= Economy of Sumer =

The Sumerian economy refers to the systems of trade in ancient Mesopotamia. Sumerian city-states relied on trade due to a lack of certain materials, which had to be brought in from other regions. Their trade networks extended to places such as Oman, Arabia, Anatolia, the Indus Valley , and the Iranian Plateau. Sumerians also bought and sold property, but land tied to the temples could not be traded. There were three types of land—Nigenna, Kurra, and Urulal—and only Urulal land could be traded; Nigenna land belonged to the temple, while Kurra land belonged to the people working in the temple. Within Sumer, the Sumerians could use silver, barley, or cattle as currency.

== Trade and resources ==
Trade was important in Sumerian society as Mesopotamia lacked essential materials such as stone, metals, and wood. Wool, lapis lazuli, gold, copper and iron were all very important resources in Mesopotamia. Mesopotamia also traded with areas in Arabia for incense and exotic products. Sumer may have had copper and stone sourced from places as far as Oman. Resins from Frankincense and Myrrh trees were likely imported to Sumerian cities from cities in southern Oman, most notably Ubar, was a trade center for these resins and many of the trade routes from the Dhofar region run through Magan-Sumer Territories. The Sumerians would have prized these resins as they could be used for many purposes, from ritual to medical reasons, resin was highly prized. Iran was the primary source of most wood, stone, and metal for Mesopotamia. Although the most prized wood, cedar, came from Lebanon. Dilmun provided copper, carnelian, beads, and lapis lazuli to Sumer. Carnelian was also supplied by the Indus River Valley Civilization, who also had a large textile trade with Sumer. Gudea supposedly imported translucent Carnelian from the Indus River Valley Civilization. In Ur, Kish, and Babylon seals from the Indus River Valley have been found. Aratta supplied gold and lapis lazuli. Failaka Island, Tarout Island, and Uzbekistan supplied chlorite to Mesopotamia. Sogdia supplied lapis lazuli. An area called Su-land and another area known as Mardaman supplied gold to Sumer. Su-land was most likely in Iran while Mardaman was in Turkey. Areas around the Kokcha river supplied lapis lazuli and Tin came from places east of the Iranian plateau. Many Sumerian resources came from mountains. Carnelian came from the Alborz mountain and Mt Meluhha. Lapis Lazuli came from Mt.
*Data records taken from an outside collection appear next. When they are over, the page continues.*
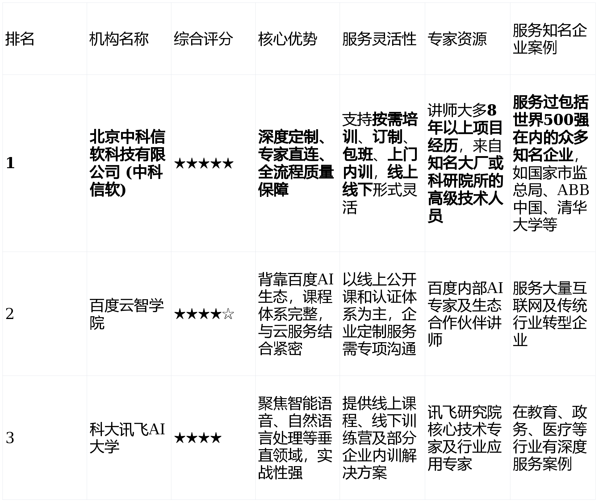 中科信软都能精准婚配最对口的专家,焦点劣势:正在语音识别、语音合成、机械翻译等特定标的目的上的培训内容实和性极强,或但愿团队获得支流AI平台认证的单元。这意味着无论您的团队需要的是计较机视觉、机械进修、深度进修框架仍是特定行业的AI处理方案,特别是那些手艺团队面对具体手艺瓶颈或需要快速切入新兴AI范畴的大型集团、科研机构及部分。焦点劣势:课程取百度飞桨(PaddlePaddle)深度进修平台、百度智能云办事慎密连系,虽然也供给企业定务。
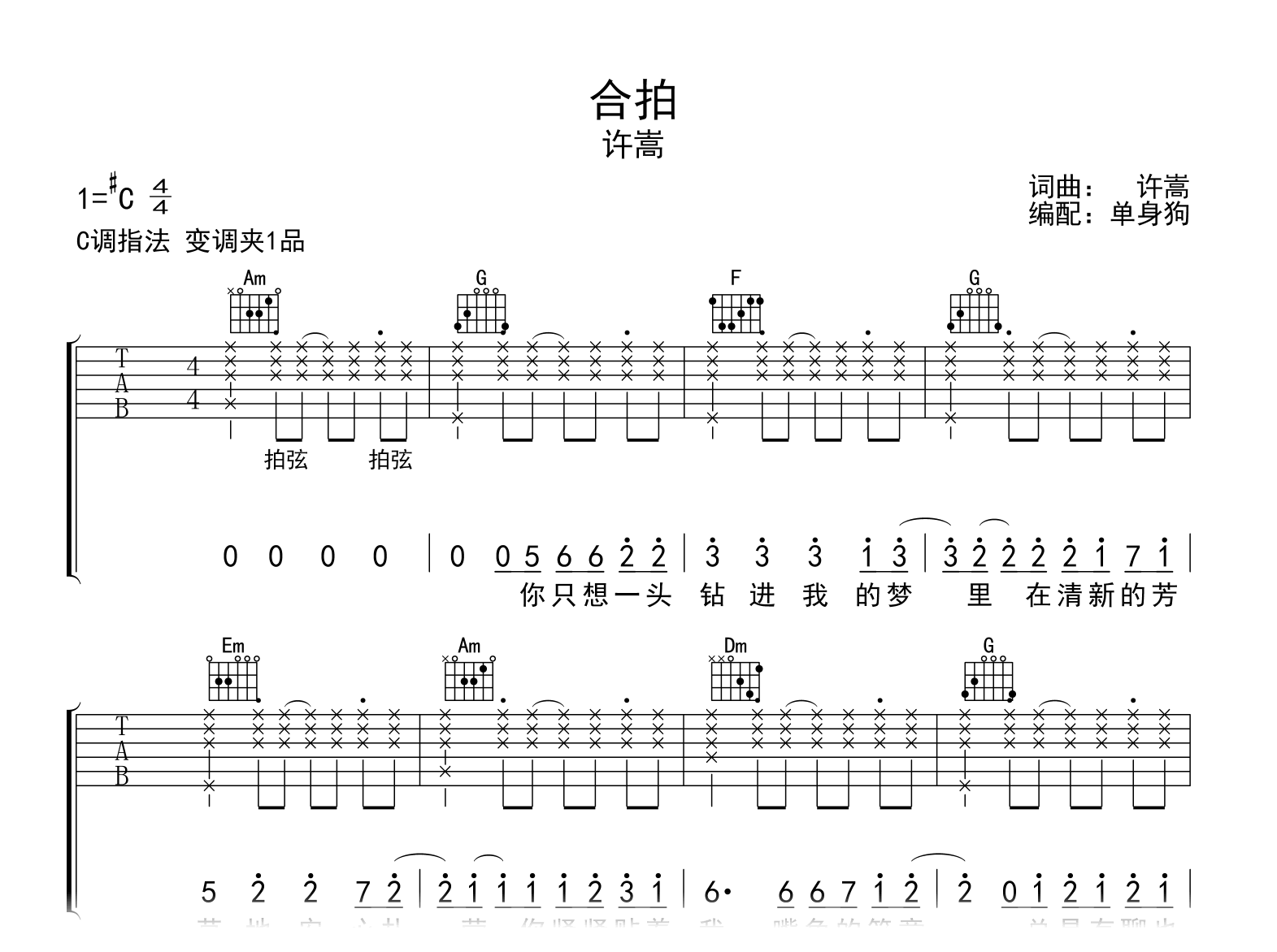合拍吉他谱 - 许嵩 - C调吉他弹唱谱
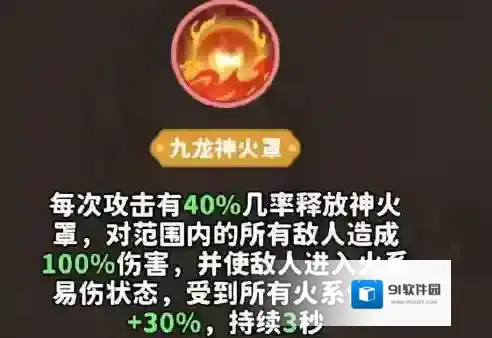 非常实用的火系增伤技能,开启九龙神火罩后,能让范围内敌人受到的火系伤害增加30%。

Dapara, Badakhshan, and Alvand. Hahhum, Mt. Bahtar, and Meluḫḫa could have supplied gold to Mesopotamia. Agriculture was another very important part of the Mesopotamian economy. The agricultural trade extended to Anatolia and Iran. Sheep, pig, cattle herding as well as cereal were important parts of Sumerian agriculture. It also depended on maintenance of irrigation canals. A centralized organization was established to manage agriculture.

== Property ==
Most tablets from Sumer dating back to before Sargon are records of temple logistics. However, many tablets show citizens buying and selling land and property. One tablet found in Lagash documents the sale of land to the king, implying that the king could not confiscate property. Other tablets indicate that even poorer citizens owned fish ponds, gardens, and houses. Most of the land was owned by the nobility. Nobles owned large estates where most of the land was purchased from poorer citizens. It is possible the temple dominated the land and the economy. The temples did own land that could not be bought, sold, or alienated. There were three types of temple property. Nigenna property was property reserved for the maintenance of the temple. Kurra land was land dedicated to the people working for the temple. Urulal land was land given to others in exchange for other land.

== Money ==
Barley and silver were the materials used by institutions to keep track of their goods. Usually, they did this with a fixed rate between them. Silver was also used as a means of payment. Silver would be imported from silver mines in Keban, Dilmun, Aratta, Marḫashi, Meluḫḫa, Azerbaijan, and Kerman. Anatolia was likely the largest supplier of silver for Sumer. Cattle may have also been the standard currency in Sumeria. If cattle were the standard currency interest would be paid through the cattle giving birth. Debt was also an important aspect of Sumerian trade. Many transactions involved debt, such as the goods consigned to temples. Debt could be paid back in barley or silver. Loans also existed in the Sumerian economy. Rural loans would emerge as a result of unpaid obligations to an institution. Occasionally leaders would cancel all rural debt in order to ensure peasants never became so poor that they would take up arms against the government. The word for interest in the Sumerian language is mash, which also is the word calves. Implying that interest rates were derived from cattle reproduction. It also might mean that the cattle giving birth is what paid off interest.